There have been rumors which threaten what might result in this likely desecration. Thankfully for good sense and lack of financing, that possible nightmare still exists as a demented dream.

Revising it, though? Updating the story for us and our era? Perhaps a palatable possibility.

A French production, Rules of the Game premiered in 1939. Initial audiences received it unfavorably. Only postwar did the move become a justifiable classic cinema entry.

In 1939, insecurity and instability roiled France. Twenty years on, the nation had yet to recover fully from the Great War. Far right and far left political parties rent France. It had recently just barely overcome an immense fiscal scandal. Furthermore, across the Rhine, the Nazis were getting restless and restive.

The movie’s theme did not divert audience concerns through mindless entertainment. Though underpinned by elements of farce, its subject was quite serious. The rigidity of societal order.

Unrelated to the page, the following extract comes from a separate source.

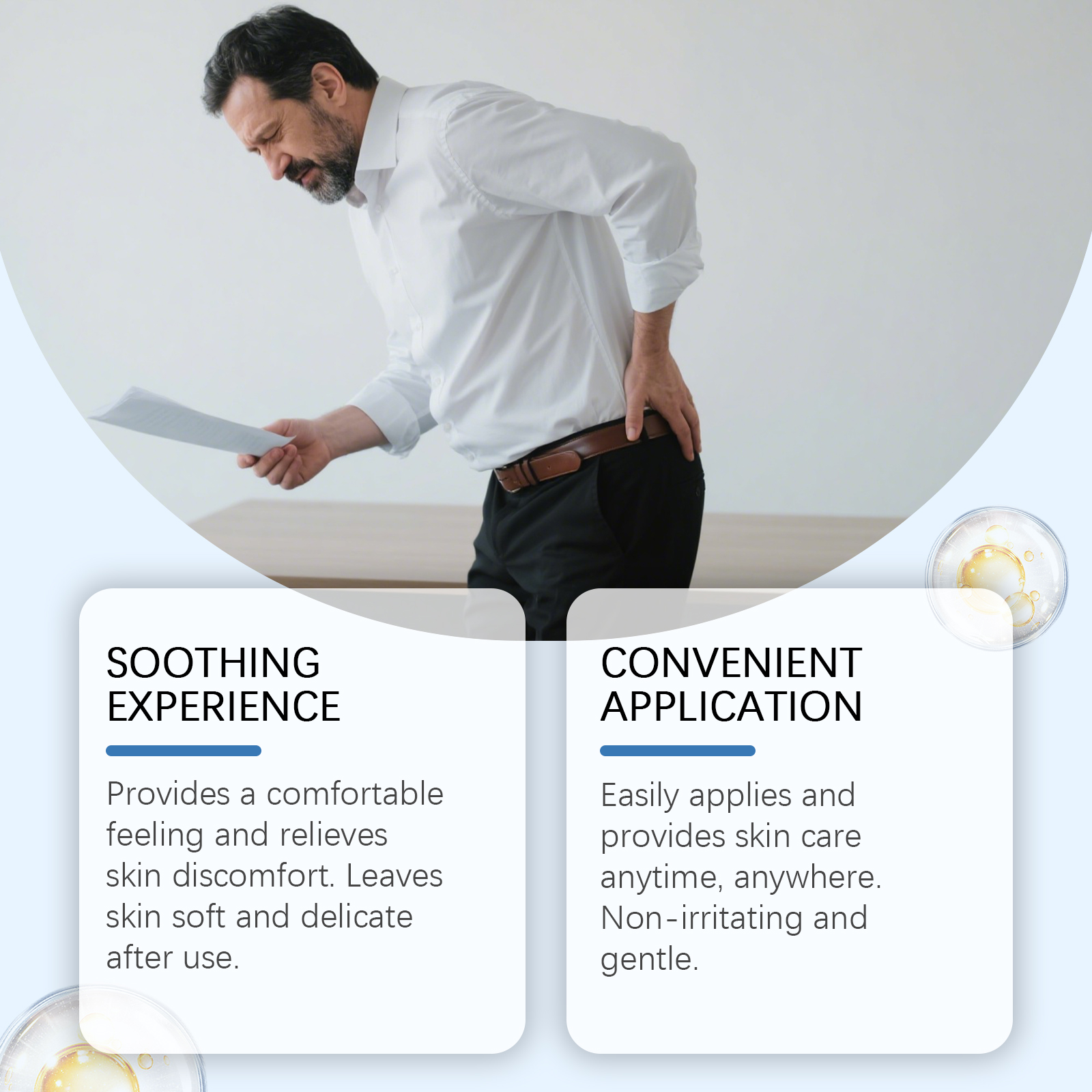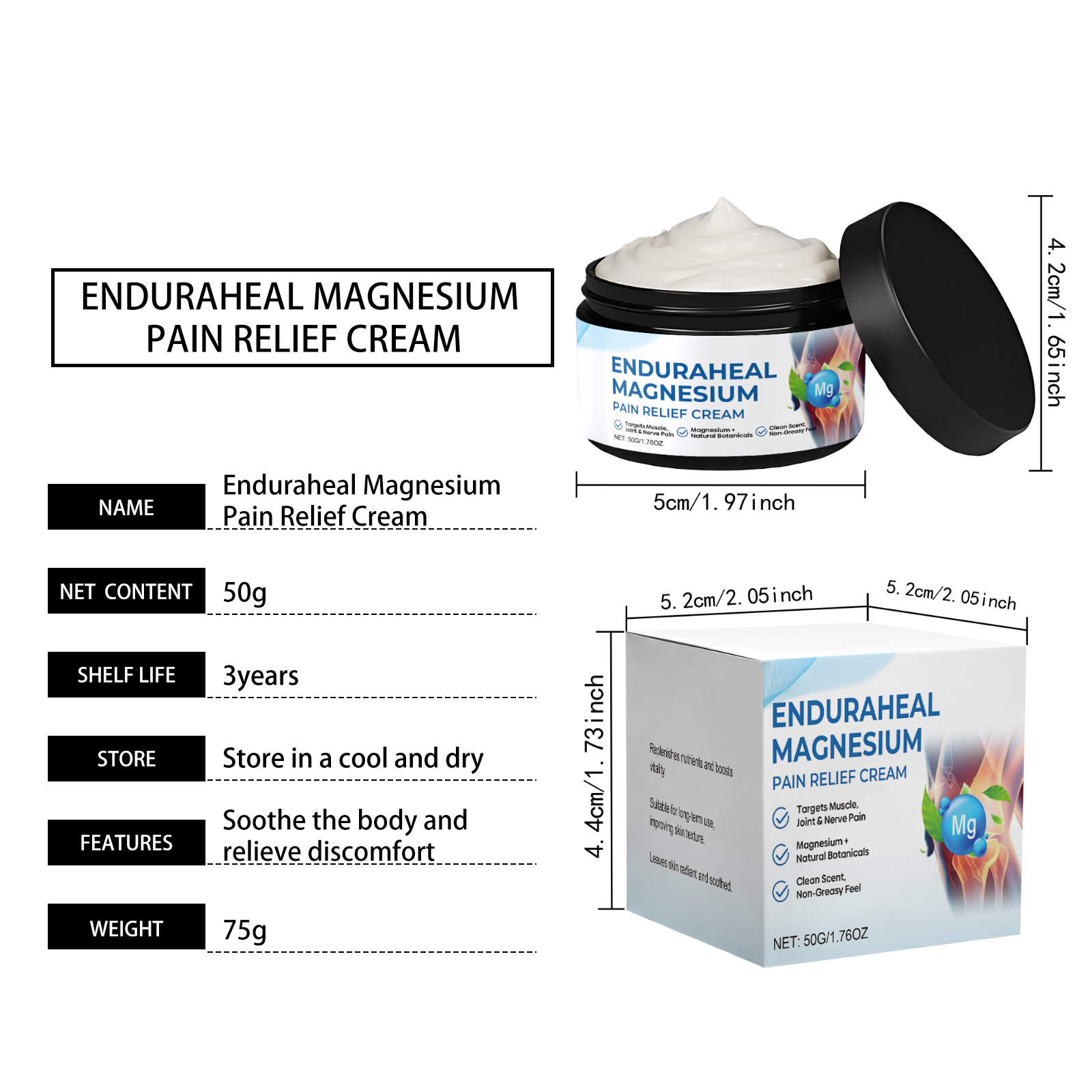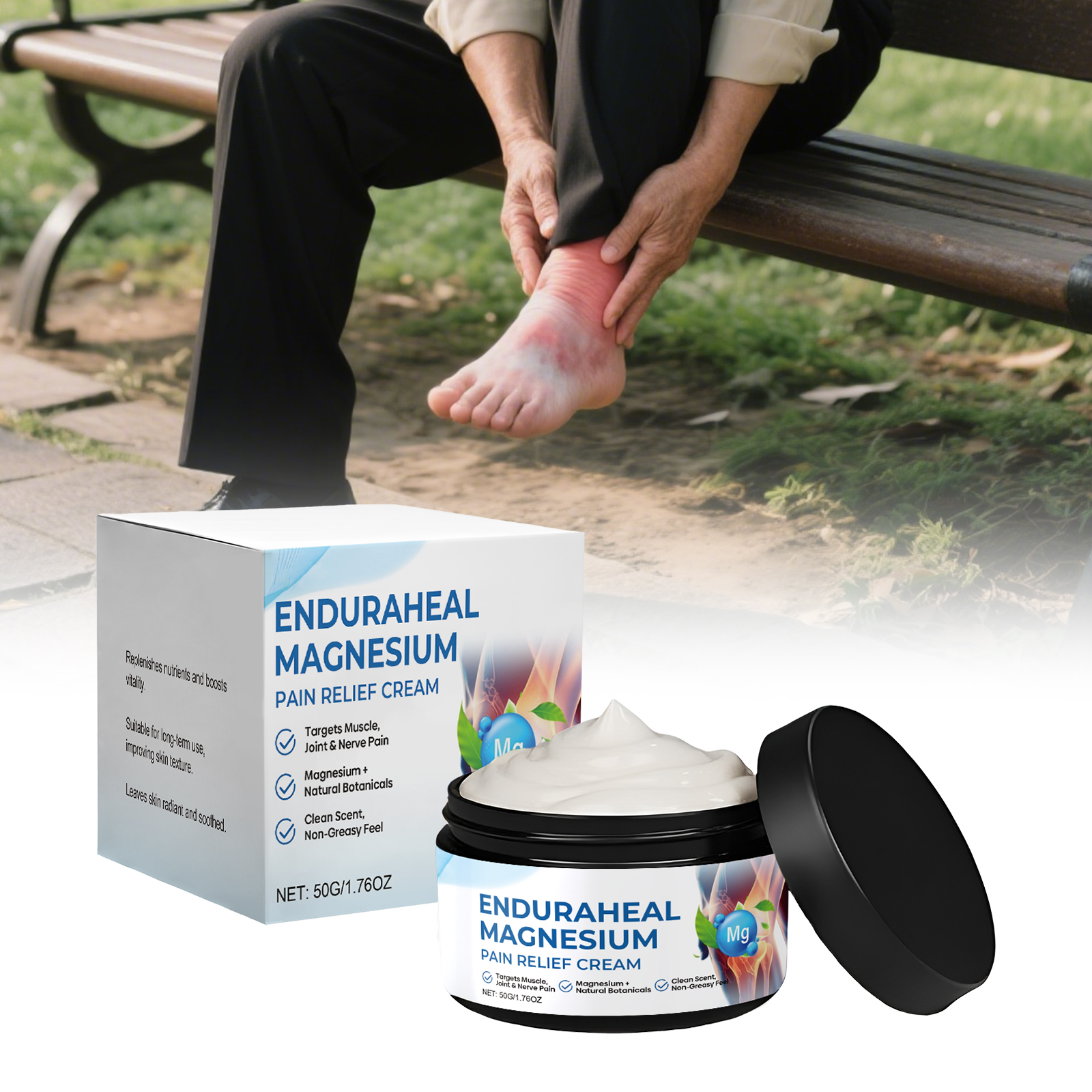 我们的关节护理镁霜,由甘油、矿油、甘油硬脂酸酯精心调配而成。专为改善血液流动,减少肿胀并提供温暖、放松的效果设计。使用方法极为便捷:清洁皮肤并干燥,取适量本品涂抹在疼痛患处并轻轻按摩促进吸收。并且它可以缓解神经疼痛和刺痛感,深层滋润肌肤,促进修复皮肤屏障。

Today, as doubtlessly also then, there were many who demanded the old strictures of society be crossed, if not blown apart altogether. Wise heads know that produces chaos. And a chaotic society is inefficient. Look at any sovereign nation once it endures upheaval and its aftermath.

Or on a smaller scale, any family sundered.

Not a love story per se but intimacies among the French upper class and members of its retinue swirl throughout Rules of the Game. As long as those involved practiced circumspection, the to-ing and fro-ing, the declarations of adoration, the trysts which resulted, never disturbed outward order.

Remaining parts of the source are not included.